55: Richard Land

55: Richard Land

From Chicken Soup for the Soul: Billy Graham & Me

• 55 •

President of Southern Baptist Convention’s Ethics & Religious Liberty Commission; ordained Southern Baptist pastor

Billy Graham was the hero of my boyhood. I grew up in a Southern Baptist church, and Billy Graham was like our pope. We never missed a crusade on television. Billy Graham played a particularly strong role in my life because my father was saved at a Billy Graham crusade at Rice Stadium in Houston, Texas, in the early 1950s, when I was about seven years old. It was about a year after I was saved, actually. As a result of the crusade, my father was referred to our church and was baptized. He became a devout deacon, a Sunday school superintendent, and a counselor for the Royal Ambassadors (the Southern Baptist equivalent of the Boy Scouts). He was a pillar of the church, and in our family, our whole life revolved around the church.
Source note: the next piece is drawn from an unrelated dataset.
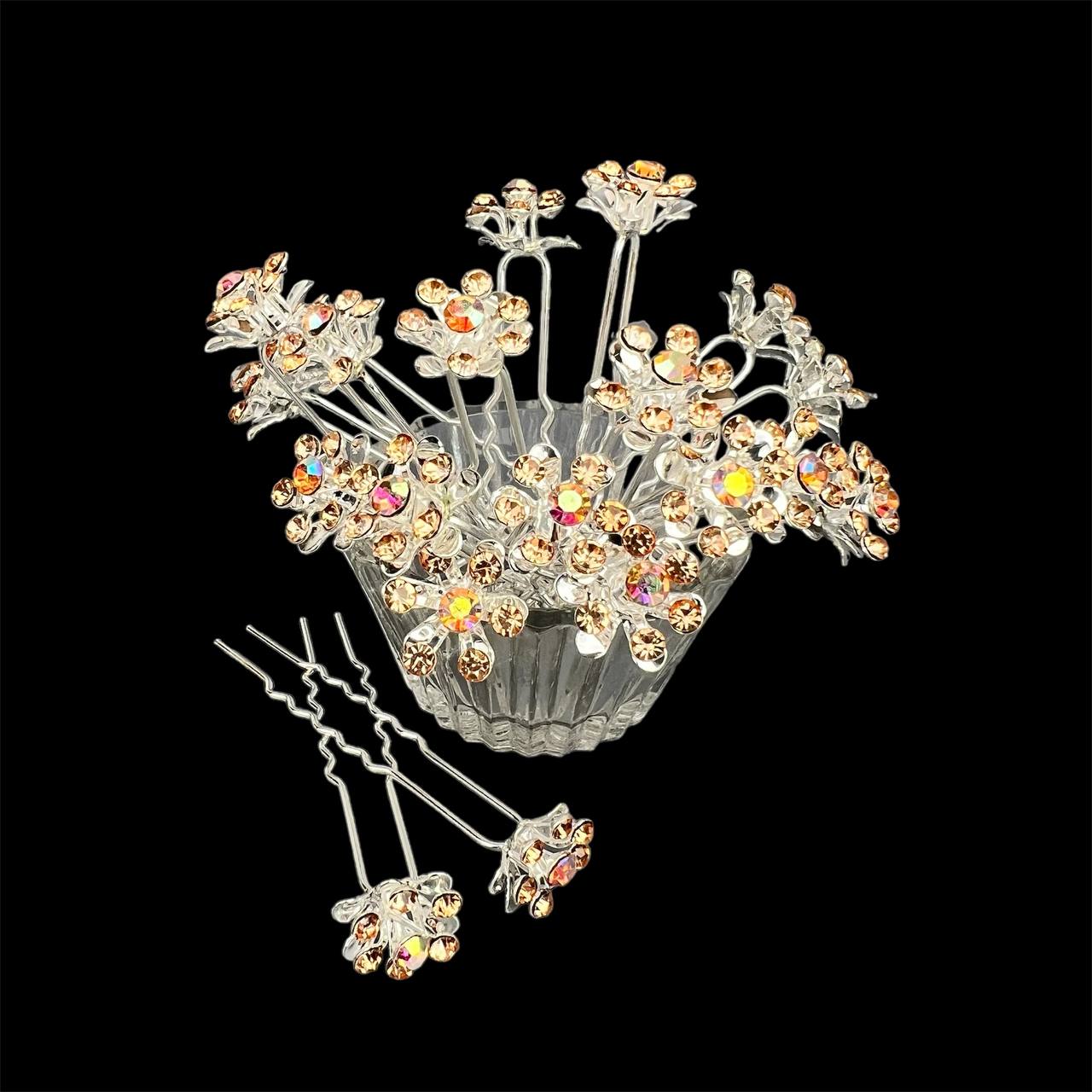 Шпильки для волос цветок из страз 15 мм 20 шт персиковые 26/3

When people ask me if Billy Graham crusade conversions last, I say, “I know one that did — my dad’s.” It changed my life. I grew up in a home with a Christian father because of the Billy Graham Evangelistic Association.

The first time I met Billy Graham was in 1972. I had just graduated from New Orleans Baptist Seminary, and I was preparing to go to Oxford to do my Ph.D. During that Philadelphia convention I was asked to give my testimony and right after that Billy Graham was scheduled to speak. We were backstage together. I introduced myself to him and told him about my father. He was very gracious, very humble, everything you would imagine he would be. I asked him to sign my Bible, and he did. I still have that Bible. I treasure it.

I’ve met Billy Graham a couple of times since then. When you are around him you get the impression that he really means it when he says the first thing he will ask when he gets to heaven is “Why me?” I’ve thought about this. There are preachers who are better preachers than Billy Graham. From a technical standpoint, he’s good, but I could name you five that are better. So why Billy Graham? I think it is because he is one of the few men who has not let his popularity and fame go to his head. He is probably as admired as anybody in American history. People wanted him to run for president. And yet he’s the same humble man he always was. He is just Billy Graham.

The last time I met him was in a hotel in Washington, D.C. Ruth, who by that time was confined to a wheelchair, was being brought out, and Billy was supervising this. I said, “Dr. Graham, how are you?” He replied, “Well, I’m a little tired.” I said, “By the way, happy birthday!” He said with a big smile, “How did you know it was my birthday?” I told him it was because my birthday was one day before his. “You were born November 7th, and I was born November 6th.” He replied, “Well, happy birthday to you. They’re taking me out for my birthday and we’re going to have a cake!” That big smile again. He seemed pleased as Punch. Just a genuinely nice, nice guy — who happens to be the most influential preacher probably in the history of Christendom.

No matter what Billy Graham did, he had charisma. When he was a young man selling brushes for the Fuller Brush Company the summer before he left for college, he became the greatest salesman in all of the Carolinas that summer. He broke all the records. The man could sell snow cones in Alaska. Whatever charisma is, Dr. Graham’s got it, and that’s a spiritual gift. The Holy Spirit has touched him. I’ve talked to several close preacher friends about this. We have all admitted to one another that we couldn’t have withstood the adulation. It takes an extraordinary man to have lived the life he has lived and be as humble as he is. This is a man who walks very close to God and understands he is God’s instrument. Whatever success he has been given, he knows it comes from God. And he doesn’t confuse the two. He understands what’s Billy and what’s God. People who have known him all his life say he has never changed.

One of the things I have observed over the years is that the one inerrant sign that all people have who walk close with God is humility. The closer they are to God the more humble they are. The closer to God they are the more they realize their own human frailties and weaknesses. They know that whatever gifts they have are gifts from God. Billy is about God, he’s not about Billy.

He has influenced all of us in the evangelical movement. He is the father of the modern evangelical movement. Beginning way back in the 1940s, he took the fundamentalist movement and reengaged the culture. Because of this, even today, some fundamentalists don’t like him. They think he compromised with liberalism. They believe they need to withdraw from the culture to remain pure, whereas Billy Graham and the evangelical movement want to engage the culture.

In order to accomplish this, and also because he just wanted to share his faith, Billy Graham was willing to work with people with whom he was not in full agreement, to serve the larger cause. For example, he allowed people that were not conservative Christians to take part in his crusades and to sit on the committees that organized them.

In terms of Evangelical Christianity reengaging the culture, Billy Graham is the man who really did it, on a mass level. And he gave us, the Evangelicals, both the model for how to do it and the confidence with which to do it. There would not have been a modern evangelical movement without him. And I love the guy. He was a hero to me in my boyhood, and he remains a hero to me today.